Your objective —
Could you print the listing again exactly, omitting the pictures?

Data below —
◇ ◇ ◇ ◇ ◇ ◇ ◇
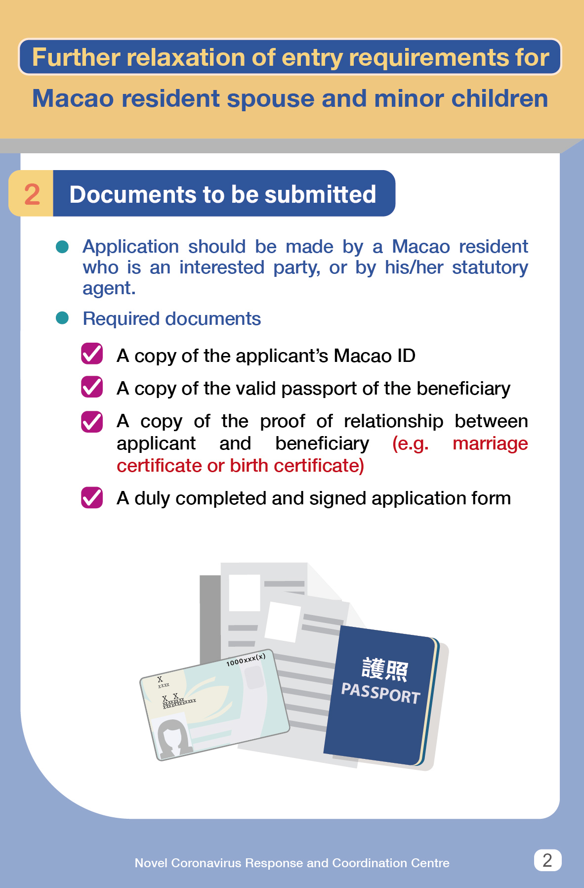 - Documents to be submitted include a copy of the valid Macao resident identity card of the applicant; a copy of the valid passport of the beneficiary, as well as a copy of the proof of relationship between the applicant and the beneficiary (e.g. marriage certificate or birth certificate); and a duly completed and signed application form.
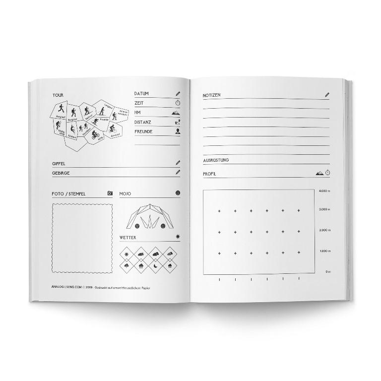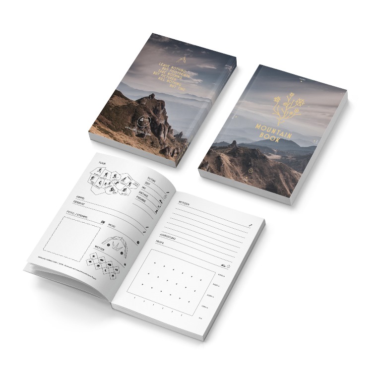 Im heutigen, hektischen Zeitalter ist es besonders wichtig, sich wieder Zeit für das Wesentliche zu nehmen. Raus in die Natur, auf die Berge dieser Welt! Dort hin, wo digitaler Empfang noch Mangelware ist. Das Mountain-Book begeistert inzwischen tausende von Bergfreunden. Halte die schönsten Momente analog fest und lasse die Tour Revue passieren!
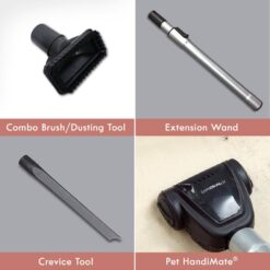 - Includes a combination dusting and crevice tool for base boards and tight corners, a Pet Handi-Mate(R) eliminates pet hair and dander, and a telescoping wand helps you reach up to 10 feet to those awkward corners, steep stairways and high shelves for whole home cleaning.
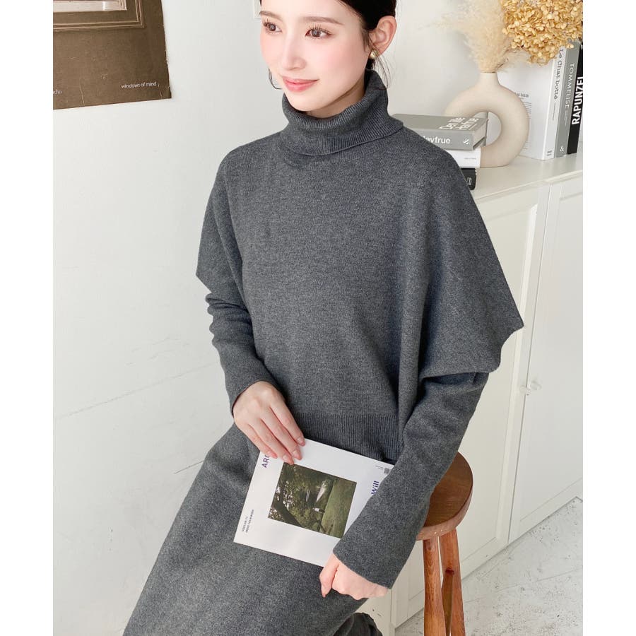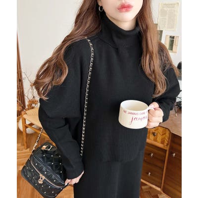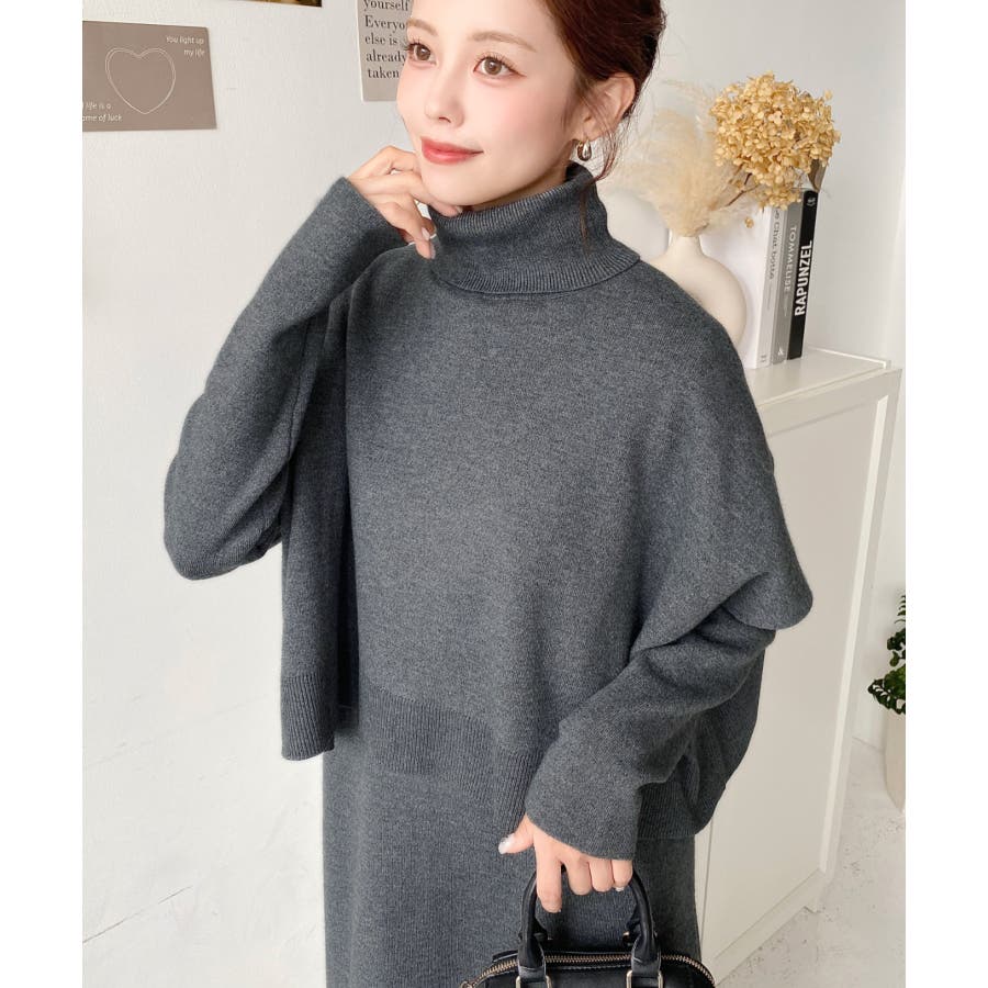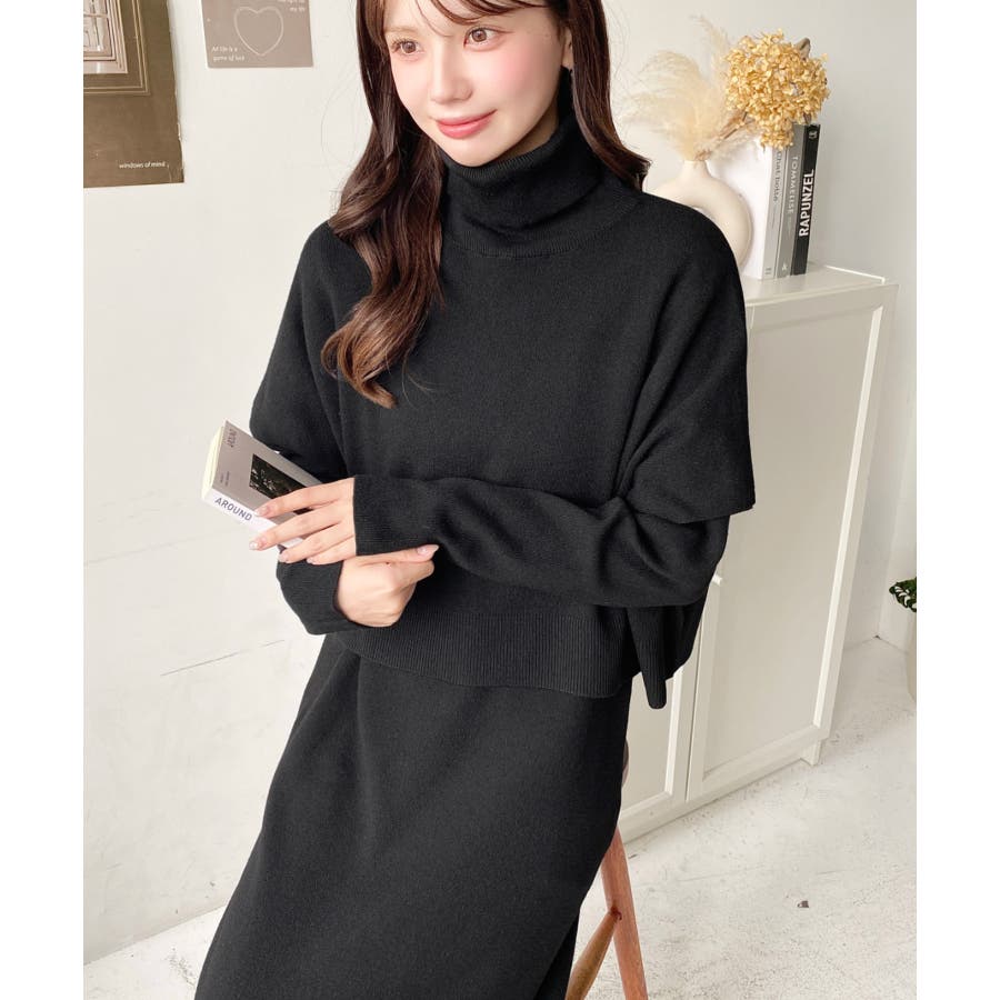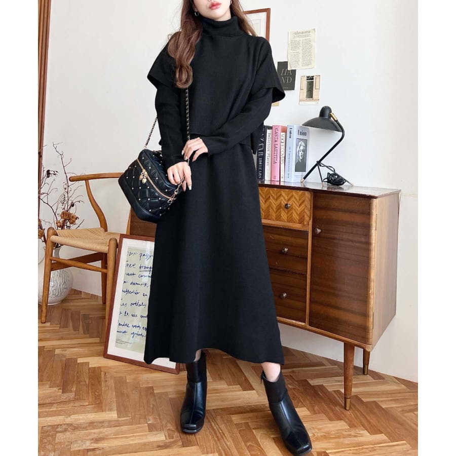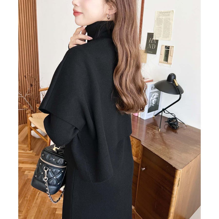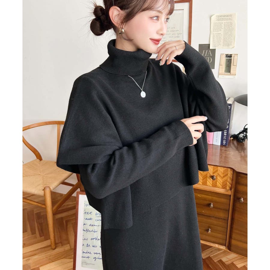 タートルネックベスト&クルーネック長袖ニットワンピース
◇ ◇ ◇ ◇ ◇ ◇ ◇
Expected answer —
 - Documents to be submitted include a copy of the valid Macao resident identity card of the applicant; a copy of the valid passport of the beneficiary, as well as a copy of the proof of relationship between the applicant and the beneficiary (e.g. marriage certificate or birth certificate); and a duly completed and signed application form.
 Im heutigen, hektischen Zeitalter ist es besonders wichtig, sich wieder Zeit für das Wesentliche zu nehmen. Raus in die Natur, auf die Berge dieser Welt! Dort hin, wo digitaler Empfang noch Mangelware ist. Das Mountain-Book begeistert inzwischen tausende von Bergfreunden. Halte die schönsten Momente analog fest und lasse die Tour Revue passieren!
 - Includes a combination dusting and crevice tool for base boards and tight corners, a Pet Handi-Mate(R) eliminates pet hair and dander, and a telescoping wand helps you reach up to 10 feet to those awkward corners, steep stairways and high shelves for whole home cleaning.
 タートルネックベスト&クルーネック長袖ニットワンピース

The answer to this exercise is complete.